- **Available data**:
.....
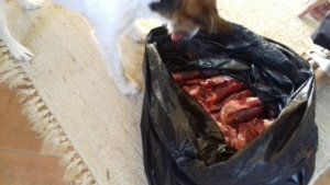 A legrosszabb rémálmom vette kezdetét. Úgy mint pár éve, mikor szintén egy zsáknyi szarvas landolt a lakásban, mert a Vadászéknál akkor éppen abból volt felesleg. Annak idején mázlim volt, és ki tudtam szervezni a munkát, ami azt jelentette, hogy egy igencsak nagy húsfogyasztó ismerős családhoz szállítottam át a zsákot, akik hatalmas lelkesedéssel álltak neki a feldolgozásnak, elkészítésnek, és több napon át érkezett a különféle szarvasból készült főétel Gazdihoz, és persze külön Spyke-hoz is. 😀 Ideális volt. Ők örültek a húsnak, nekem hozzá sem kellett nyúlni és mégis minden nap más kaja volt az asztalon.
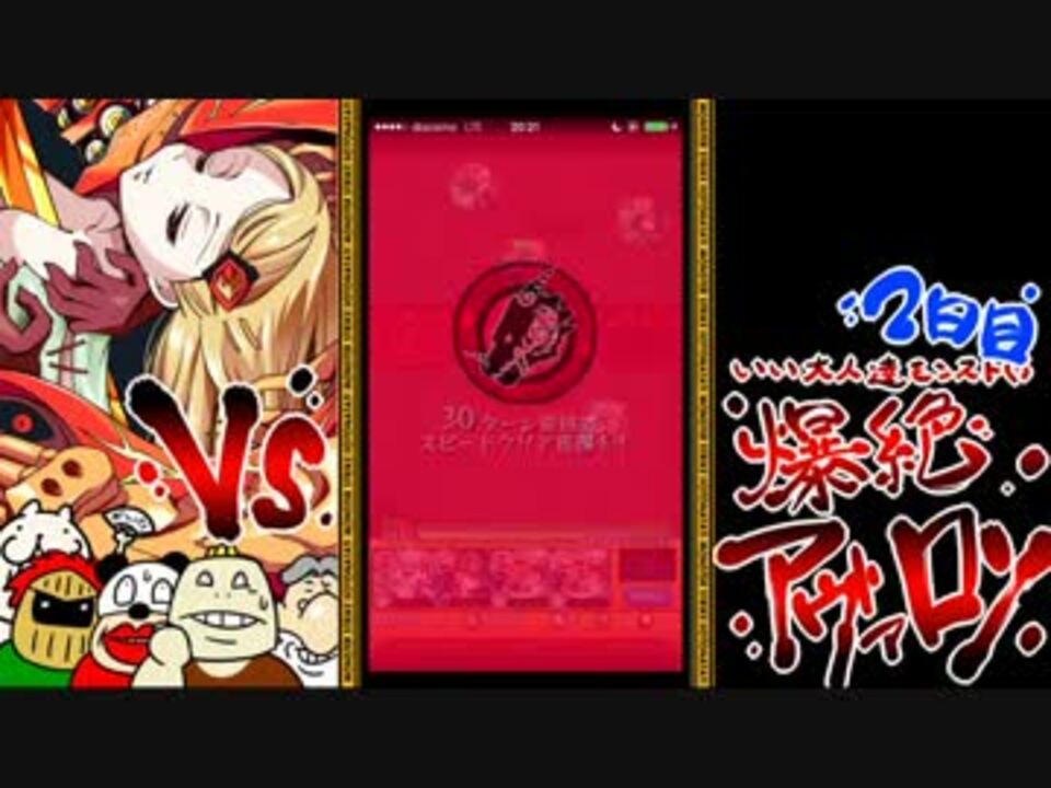 いい大人達が「モンスターストライク」の降臨クエスト<br />「渇望の果ての理想郷(爆絶)」クリアを目指して再び本気で遊んでみました。<br />本人達は至って本気でプレイしておりますが、腕前の方はお察し下さい。<br /><br />お詫び:投稿予定のモンスト動画の順番を飛ばして、最新のタイチョーのBOX情報や、現状の超絶攻略情報等が出てしまったため、修正箇所が多々ございます。ご了承ください。<br /><br />タイチョーのモンスト知識は大したこと無いのでスルーしてください。<br /><br />登場人物:イラスト参照!<br /><br />(ご注意!)タイチョーが大絶叫している箇所が多々あります。音量にご注意ください。<br /><br />前(1日目完結)→<a href="https://www.nicovideo.jp/watch/sm27458092" class="watch">sm27458092</a> 次→<a href="https://www.nicovideo.jp/watch/sm27601844" class="watch">sm27601844</a> これまでの実況→<a href="https://www.nicovideo.jp/mylist/17828031" target="_blank" rel="noopener">mylist/17828031</a> ラジオ→<a href="https://www.nicovideo.jp/mylist/28752088" target="_blank" rel="noopener">mylist/28752088</a>
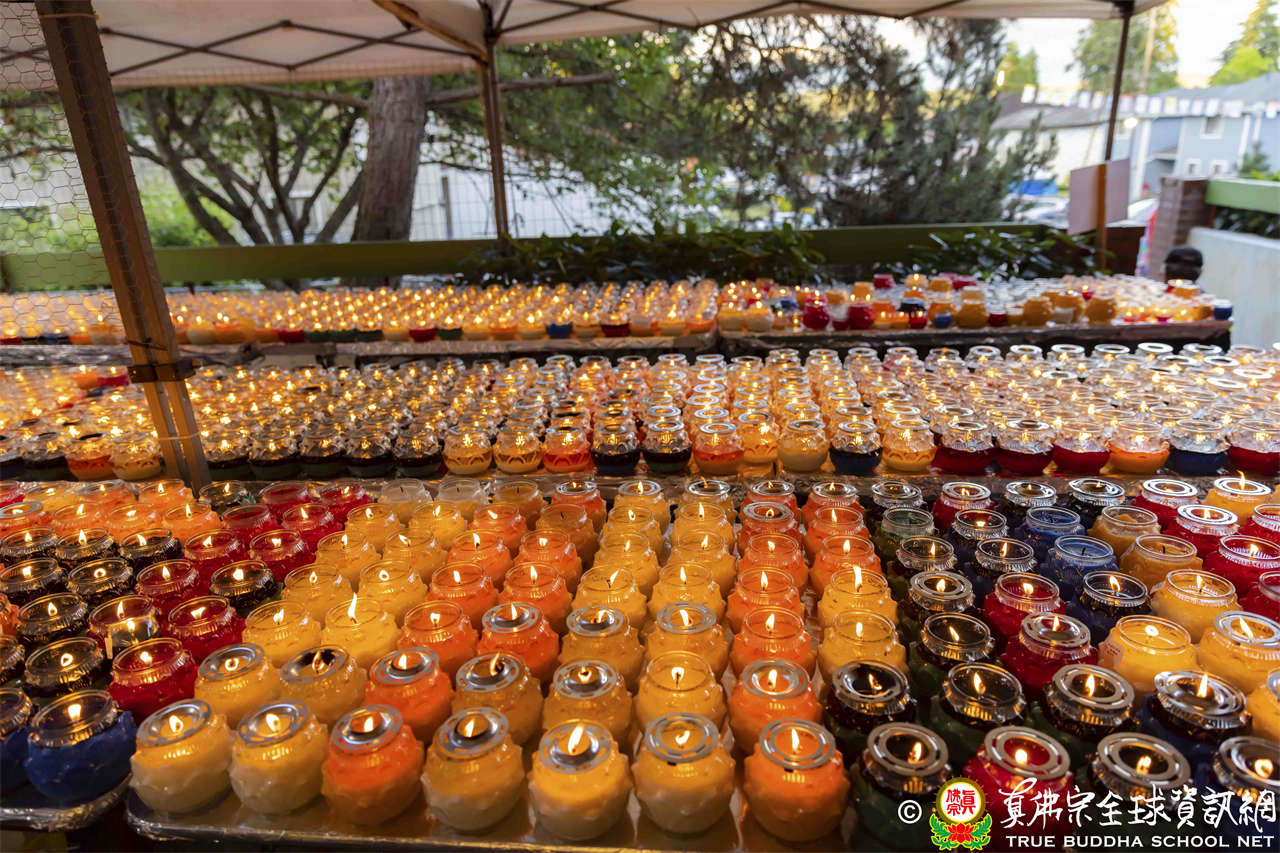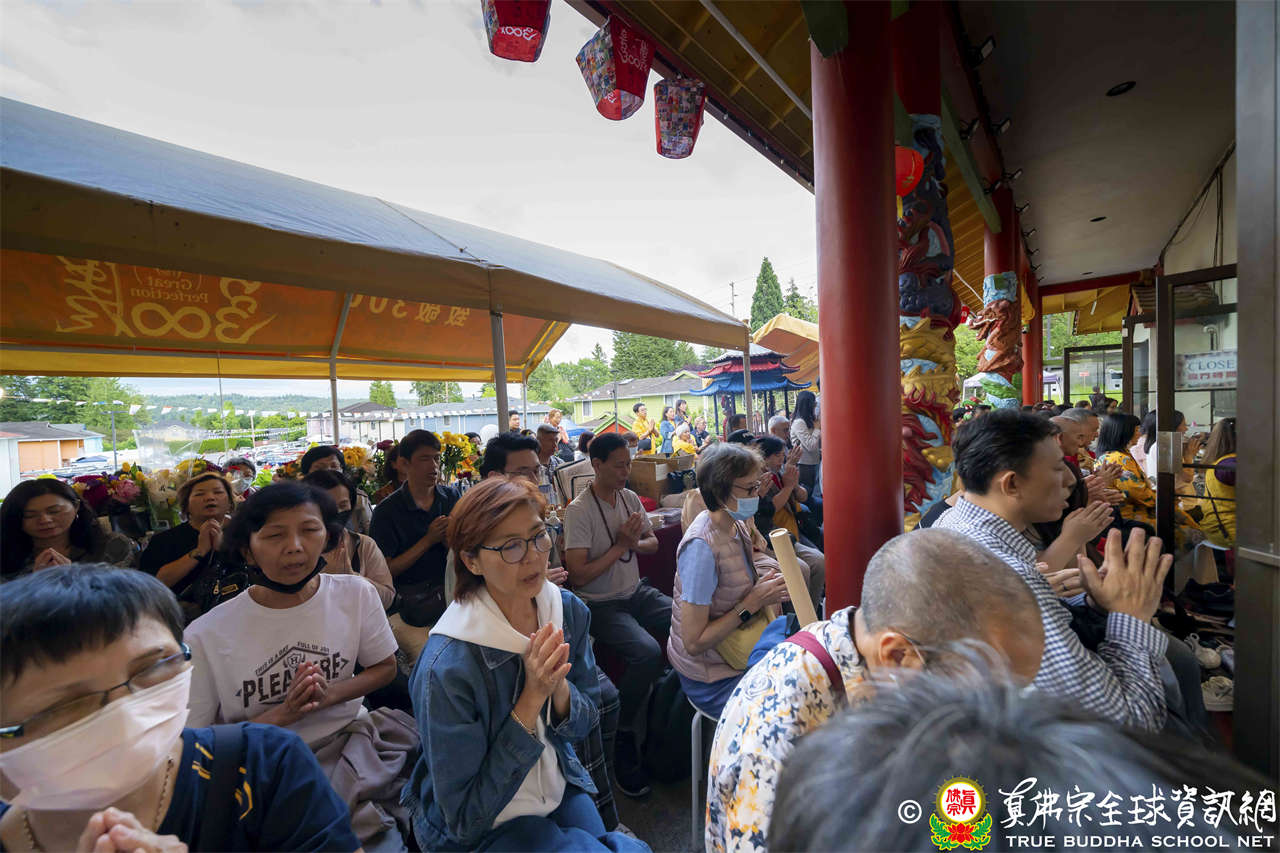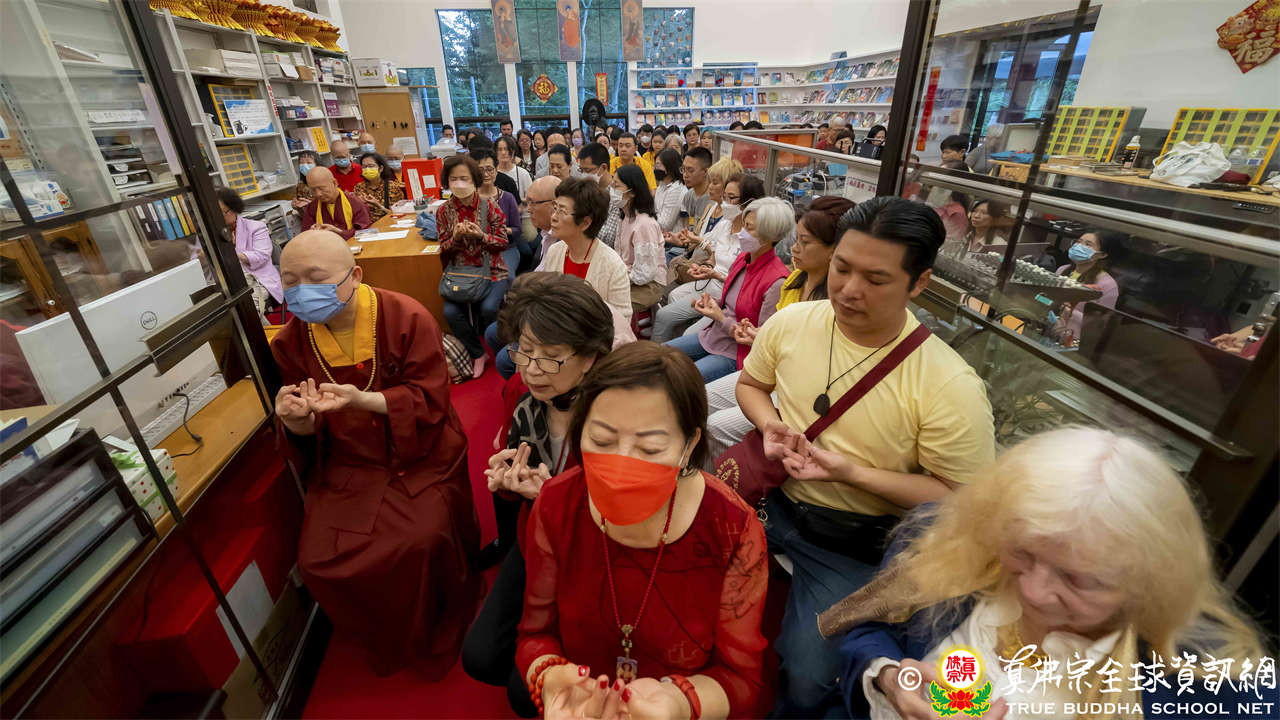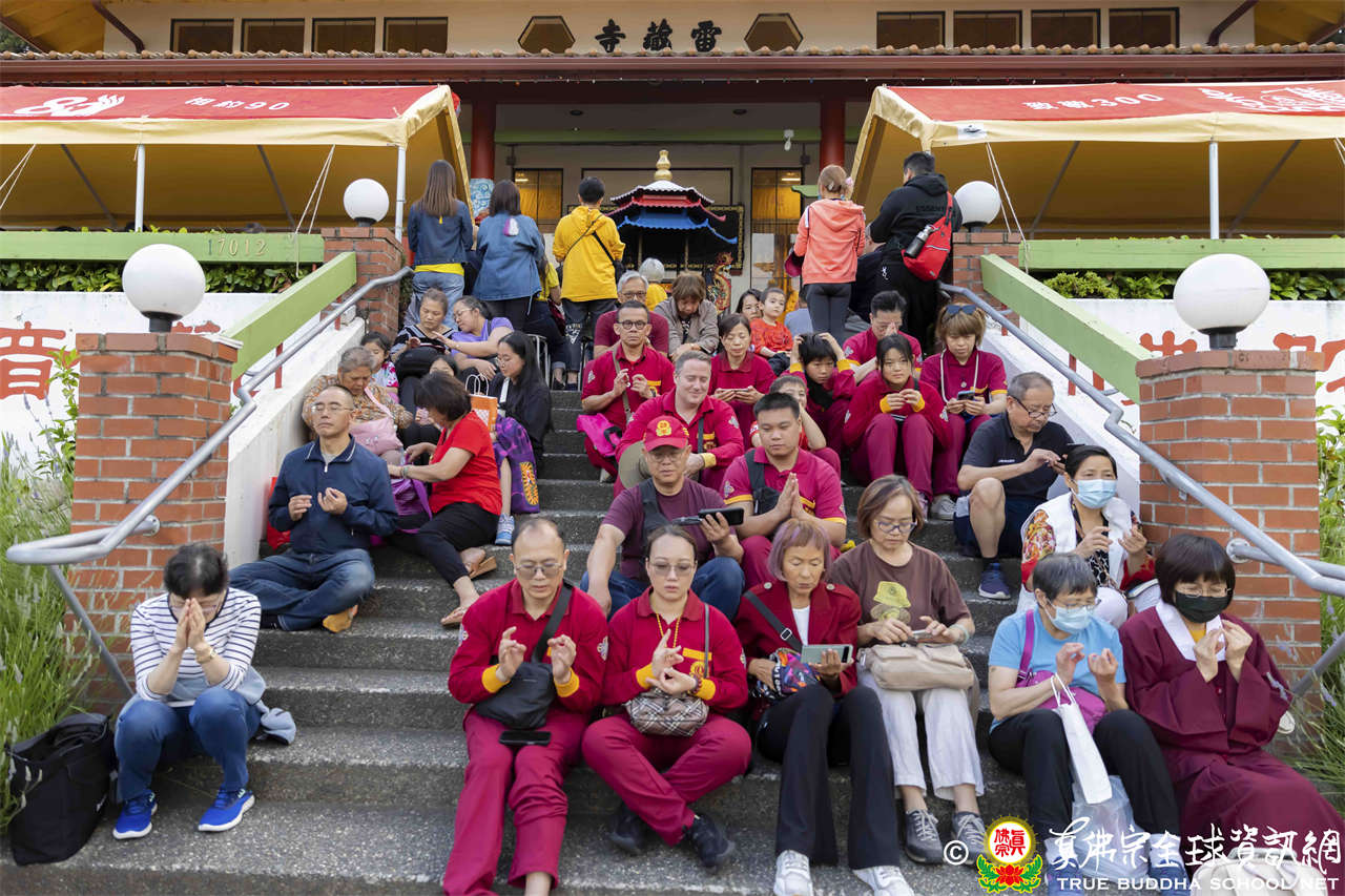 聖尊八十壽誕之際,適逢著作跨越三百本的殊勝里程碑,在這雙喜大慶意義非凡的日子裡,祖廟張燈結彩、喜氣洋洋。熱情的弟子們由世界各地遠道而來,齊聚於西雅圖雷藏寺參與今晚共修,大殿外佈滿了彩色氣球、布條,殿內則有壽桃、壽麵、鮮花,琳瑯滿目的供品堆滿了整個壇城。
.....
- **Work request**: Copy the listing exactly. No images belong in the copy.

- **Exercise output**:
 A legrosszabb rémálmom vette kezdetét. Úgy mint pár éve, mikor szintén egy zsáknyi szarvas landolt a lakásban, mert a Vadászéknál akkor éppen abból volt felesleg. Annak idején mázlim volt, és ki tudtam szervezni a munkát, ami azt jelentette, hogy egy igencsak nagy húsfogyasztó ismerős családhoz szállítottam át a zsákot, akik hatalmas lelkesedéssel álltak neki a feldolgozásnak, elkészítésnek, és több napon át érkezett a különféle szarvasból készült főétel Gazdihoz, és persze külön Spyke-hoz is. 😀 Ideális volt. Ők örültek a húsnak, nekem hozzá sem kellett nyúlni és mégis minden nap más kaja volt az asztalon.
 いい大人達が「モンスターストライク」の降臨クエスト<br />「渇望の果ての理想郷(爆絶)」クリアを目指して再び本気で遊んでみました。<br />本人達は至って本気でプレイしておりますが、腕前の方はお察し下さい。<br /><br />お詫び:投稿予定のモンスト動画の順番を飛ばして、最新のタイチョーのBOX情報や、現状の超絶攻略情報等が出てしまったため、修正箇所が多々ございます。ご了承ください。<br /><br />タイチョーのモンスト知識は大したこと無いのでスルーしてください。<br /><br />登場人物:イラスト参照!<br /><br />(ご注意!)タイチョーが大絶叫している箇所が多々あります。音量にご注意ください。<br /><br />前(1日目完結)→<a href="https://www.nicovideo.jp/watch/sm27458092" class="watch">sm27458092</a> 次→<a href="https://www.nicovideo.jp/watch/sm27601844" class="watch">sm27601844</a> これまでの実況→<a href="https://www.nicovideo.jp/mylist/17828031" target="_blank" rel="noopener">mylist/17828031</a> ラジオ→<a href="https://www.nicovideo.jp/mylist/28752088" target="_blank" rel="noopener">mylist/28752088</a>
 聖尊八十壽誕之際,適逢著作跨越三百本的殊勝里程碑,在這雙喜大慶意義非凡的日子裡,祖廟張燈結彩、喜氣洋洋。熱情的弟子們由世界各地遠道而來,齊聚於西雅圖雷藏寺參與今晚共修,大殿外佈滿了彩色氣球、布條,殿內則有壽桃、壽麵、鮮花,琳瑯滿目的供品堆滿了整個壇城。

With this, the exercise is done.